Personal information
- Born: July 13, 1937 Selma, Alabama, U.S.
- Died: March 25, 2019 (aged 81) Manhattan, New York, U.S.
- Listed height: 6 ft 4 in (1.93 m)
- Listed weight: 200 lb (91 kg)

Career information
- High school: Commerce (New York City, New York)
- College: NYU (1956–1959)
- NBA draft: 1959: 7th round, 13th overall pick
- Drafted by: St. Louis Hawks
- Playing career: 1959–1964
- Position: Small forward
- Number: 13, 15, 3

Career history
- 1959: St. Louis Hawks
- 1959: New York Knicks
- 1959–1964: Williamsport Billies
- 1960: Syracuse Nationals

Career highlights
- All-EPBL Second Team (1962);
- Stats at NBA.com
- Stats at Basketball Reference

= Cal Ramsey =

American basketball player (1937–2019)

Calvin Ramsey (July 13, 1937 – March 25, 2019) was an American professional basketball player and broadcaster. A standout college player for the NYU Violets, he played in 13 games over two seasons in the National Basketball Association (NBA). After his playing career ended, he began a 28-year affiliation with the New York Knicks as a broadcaster and a community representative. He was named in ESPN's "Elite 24: Rucker Park legends".

==Biography==

===Early life and career===
Ramsey was born in Selma, Alabama on July 13, 1937, but spent most of his life in New York City. In his youth, he played in the Rucker Park League, winning the MVP and was known for his wars with Connie Hawkins. After graduating from High School of Commerce, he joined the NYU Violets as a forward in 1956. At NYU, he played with future hall of famer Thomas “Satch” Sanders. Over three years, he averaged 20.2 points per game and 17.5 rebounds. in his senior year, 1958, Ramsey was named as an All-American. When he died, he still held the school record for rebounds in a game, with 34 against Boston College. As of 2018, he was 11th on NYU's all-time scoring list.

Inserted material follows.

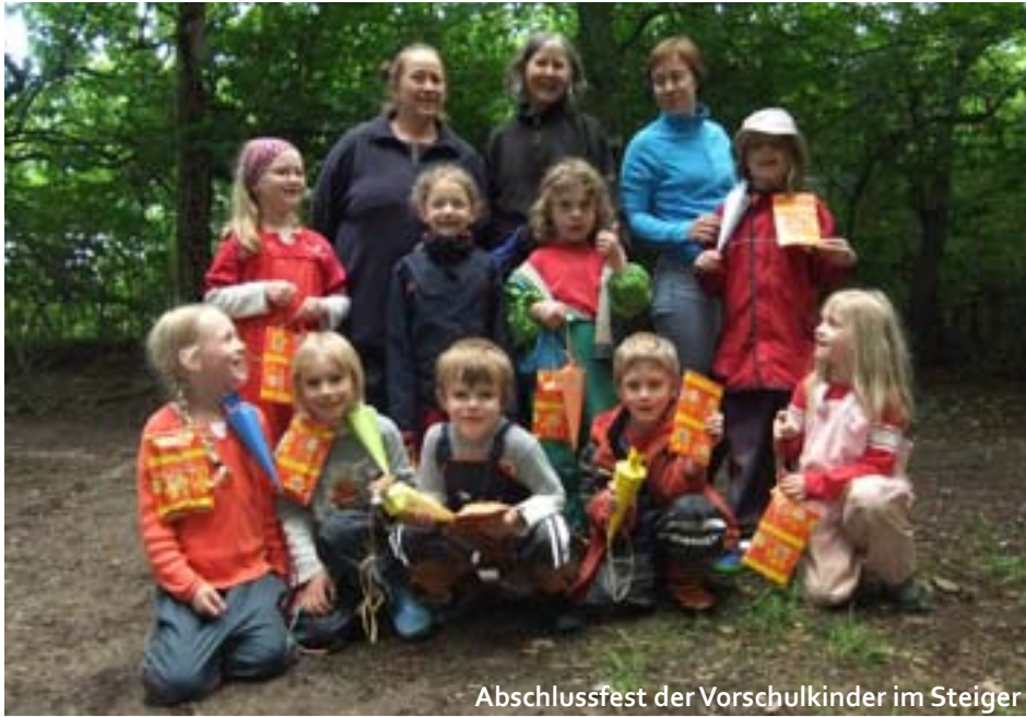
Abschlussfest der Vorschulkinder im Steiger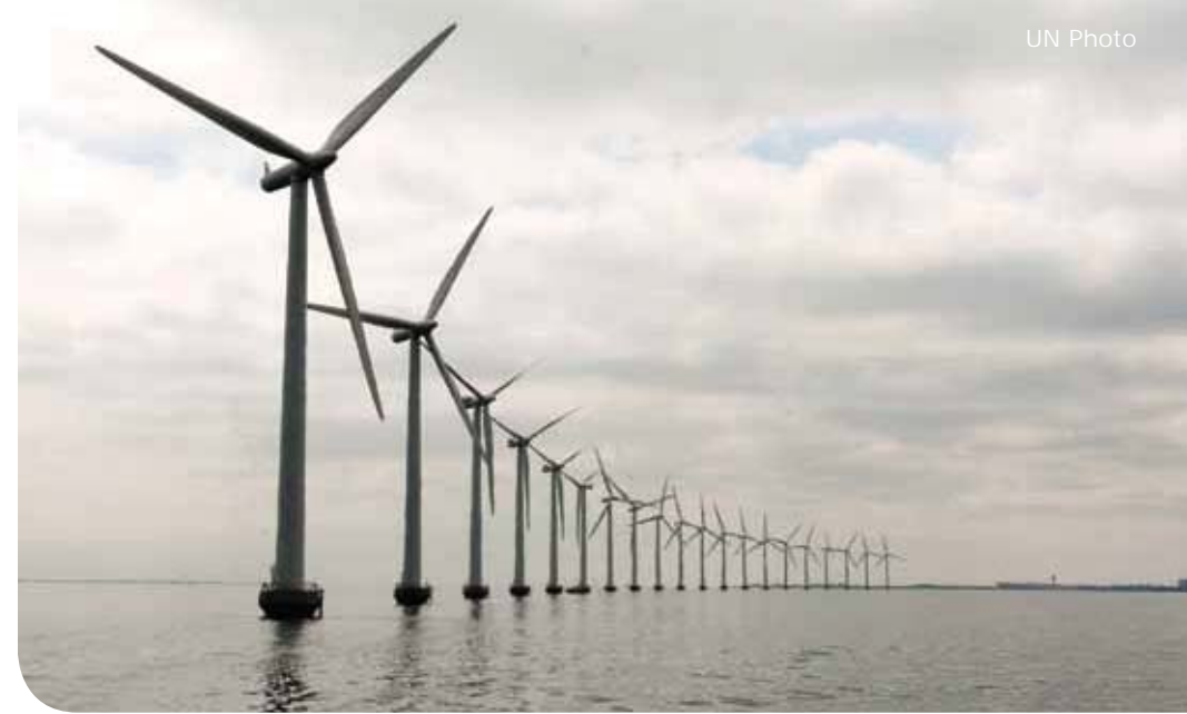
Middelgrunden - farma wiatrowa na morzu, Dania

► Przechodzenie do bardziej zielonej gospodarki , jednocześnie koncentrując się na eliminacji ubóstwa.

After graduating from NYU with a degree in business, Ramsey entered the 1959 NBA draft where the St. Louis Hawks selected him with the 13th overall pick. At a height of 6’4”, Ramsey was short to play the forward position during that era, but was not a strong enough ball handler to play guard. This limited his career, and he only played 11 games in his rookie season with the Hawks (he also played for the New York Knicks). The following season, he played in two games with the Syracuse Nationals. After his NBA career, Ramsey played for the Williamsport Billies in the Eastern Professional Basketball League (EPBL) from 1959 to 1964. He was selected to the All-EPBL Second Team in 1962.

After his playing days ended, Ramsey charged that a quota system in basketball limited the number of black players in the league at that time. Fellow broadcaster Marv Albert agreed, saying “If you didn’t start as a black player, you wouldn’t be with the team.” Out of basketball, Ramsey became a teacher for several years.

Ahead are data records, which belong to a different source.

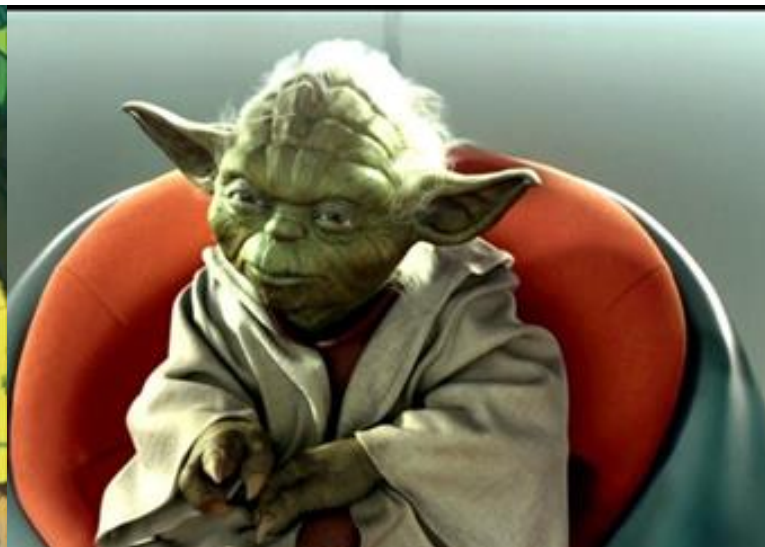
Учитель из «Звёздных войн»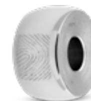
MB 009.FP Glanz H 1.4 cm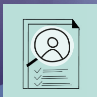
STRUMENTO DI AUTOVALUTAZIONE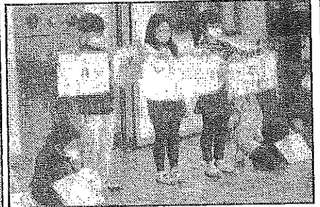
< 3年:「スリッパをならべよう」 >

===Broadcaster and coach===
In 1972, he joined the Knicks broadcasting team, a position he held until 1982. He called the Knicks win over the Los Angeles Lakers in the 1973 NBA Finals and, over his tenure, worked with Dick Stockton for one season, and Marv Albert, who joined the television crew in 1979. In 1982, the Knicks retired Ramsey from the broadcast booth and replaced him with former NBA player Butch Beard.

After leaving the Knicks, he joined the coaching staff of NYU in 1983, which restored its basketball program after a 12-year hiatus. His former teammate at NYU, Mike Muzio, was appointed as the head coach. He continued in that role for the remainder of his life.

===Later life===
In 1991, the Knicks hired him as a community ambassador where he worked with schools and youth programs. He continued attending Knicks games until his health began to fail in 2018.

On March 25, 2019, Ramsey died from cardiac arrest at a rehabilitation facility. Ramsey had suffered from diabetes for a number of years.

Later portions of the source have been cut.